Database Design 翻译

国内的图书往往通过各种范式、规则来讲解数据库设计。Stéphane Faroult先生则是通过一个关于电影的例子,生动形象的说明了数据库设计过程中遇到的问题和解决方法。视频分为上下两集,时间大约11分钟。相信看完这段视频和文字之后,会对你有所启发。

Hello; my name is Stéphane Faroult. I’m a French database consultant and a database book author.
大家好,我是StéphaneFaroult,是一名法国的数据库顾问,同时还是《SQL语言艺术》这本书的作者。
I’d like to present a brief introduction to database design by showing you on a small example some issues you can encounter and some ways to solve them.
我希望通过视频中的一个小例子,及在这个例子中遇到的问题和解决方法,来向大家简要的介绍下数据库设计。
For my example, I’d like to create a website that provides information about movies.
这个例子是:建立一个提供电影信息的网站
You are probably aware that in a database, data is stored in tables.
你可能已经知道,在数据库中数据是存储于表中的。
We’ll obviously have some kind of MOVIES table inside our database.
显然我们的数据库中会有各类的MOVIES表。
Tables in a database are very different from spreadsheets, but let’s start with a spreadsheet that contains information about a small number of classic movies: title, country, year, director, and leading actors.
数据库中的表和电子表格是很不同的,但是不妨让我们先创建一些电子表格,表格中包含一部分经典电影的信息,如影片名,国家,上映年份,导演,主演。
Initially we shall model our main table after the spreadsheet.
最初,我们的主表需要模仿电子表格。
Each row brings together a number of pieces of information that are the characteristics of a movie.
每一行整合了很多关于电影属性的信息。
The order of columns doesn’t matter.
列的顺序无关紧要。
The order of rows doesn’t matter.
行的顺序也不重要。
What matters is that the different pieces of information on one row are related, and the titles of the columns define the relation. This is why we talk about relational databases.
重要的是,一行中不同的信息是相关的,列的标题就是在定义它们之间的关系。这就是我们要讨论关系型数据库的原因。

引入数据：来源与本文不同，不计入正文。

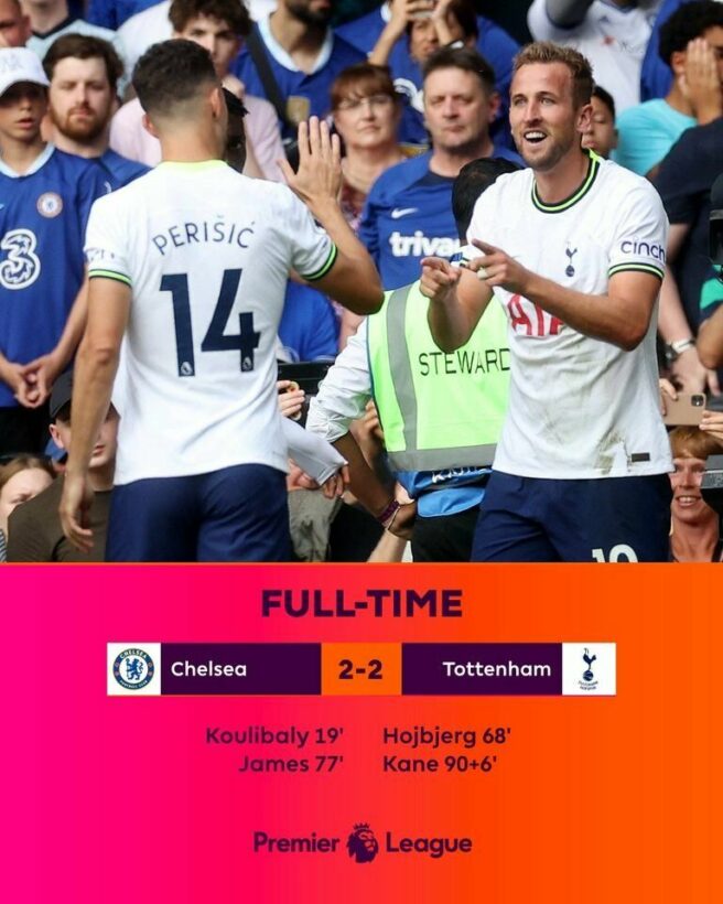 สรุปผลบอล พรีเมียร์ลีก อังกฤษ และ ตารางคะแนน ล่าสุด หลังกลับมาลงเตะกันเป็นสัปดาห์ที่สอง โดยเมื่อคืนวันอาทิตย์ที่ผ่านมา ในศึกลอนดอนดาร์บี้แมตซ์ เชลซี เปิดบ้านเสมอกับ สเปอร์ส ไป 2-2 โดยที่รูปเกมเป็นไปอย่างดุเดือด ก่อนจบท้ายด้วยการปะทะกันของยอดกุนซืออย่าง โธมัส ทูเคิ่ล และ อันโตนิโอ คอนเต้
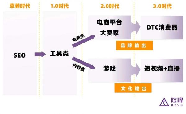 拉回到主线,从「工具类」出海的1.0时代发展到2.0时代,分化出了两条线:一条是「移动电商」走向成熟,另一条是「内容类」产品开始崛起。

It makes no sense to have the same row several times. An important step, when designing a database, consists in identifying the characteristics that allow us to distinguish one row from another; and very often these characteristics are a subset of all the characteristics. They are collectively called “the key”. What is the smallest subset of characteristics that uniquely identifies a movie?
拥有相同行是毫无意义的。设计数据库时很重要的一步,正是标识出那些能够帮助我们区分不同行的属性,通常这些属性是所有属性的一个子集。它们被统称为“键”。而什么是唯一标识一部电影属性的最小子集呢?
The title? No, the title isn’t enough because you have remakes.
电影名称?不,只有名称是不够的,因为一部电影可以重拍多次。
For instance, there are several movies based on the “Treasure Island” novel.
比如说,有很多部电影都是改编自《金银岛》(”Threasure Island”)这部小说。
Title and director perhaps?
电影名称和导演?
It doesn’t work either, because Alfred Hitchcock for instance made two “The man who knew too much”, one in 1934 and the other one in 1956.
这同样不管用,比如阿尔弗莱德?希区柯克(Alfred Hithchcock)导演了两部《擒凶记》(“The man who knew  too much”),一部在1934年,另一部在1956年。
Title, director and year may seem a better choice – except that “director” isn’t as simple a characteristic as it may look;
电影名称,导演,上映时间似乎是一个好一点的选择了,除非“导演”这一项比较非典型。
Some movies have several directors, and it may lead to ambiguities.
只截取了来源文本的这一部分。